Note that "public goods" here relates to the special sense in which economists use the term, namely: goods and services which are non-rivalrous in consumption and where the "exclusion principle" doesn't operate.
To explain the jargon, bread is rivalrous in consumption because if I eat another slice there is one less slice available for everyone else to eat. However, if I listen to the Archers on BBCR4 (which I never do) that doesn't mean there is any less of the Archers on the airwaves for everyone else to listen to.
The "exclusion principle" is where those who don't pay to acquire or have access to a good or service can be prevented from enjoying it. In other words, "free-riders" can be kept away.
Until the advent of conditional access, public broadcasting was a typical example of a "public good" in the sense economists use the term. Another favoured early example was lighthouses to warn mariners at sea of dangerous rocks.
Keynesian economics was supposedly the answer to the possibility of mass unemployment.
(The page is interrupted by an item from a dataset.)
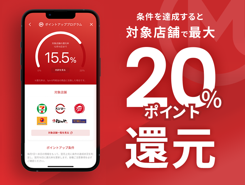 コンビニ、飲食店、スーパーなど対象店舗も多く、

(*) George Bernard Shaw: The Intelligent Woman's Guide to Socialism (1928) - but also (Nobel laureate) James Meade: The Intelligent Radical's Guide to Economic Policy (1975).
Posted by: Bob B | Feb 3, 2007 10:15:40 AM
Shooting fish in a barrel here since Soviet socialism has few defenders now.
It is backward technology that uses materials less efficiently that leaves more pollution. The true Green solution to most environmental problems is hi-tech. This does not go down well with FoI who aren't really environmentalist but Luddites under a false flag.
I will grant that bureaucratic state rules (eg replacing plastic bags with paper ones, or biofuels) make it worse.
Posted by: Neil Craig | Feb 3, 2007 3:47:56 PM
This is my main argument with the climate change alarmists. I happen to disagree with them about the science, but view that as an essentially academic argument, because, even granted that the science is absolutely right, socialism is how to make the problem worse, not better.
Posted by: Squander Two | Feb 3, 2007 11:04:20 PM
This does not go down well with FoI who aren't really environmentalist but Luddites under a false flag.
I think you're being grossly fair there. Luddites opposed technology in the interests of projecting jobs.
Environmentalists seem at best indifferent to jobs and at worst, hostile the idea of people becoming prosperous.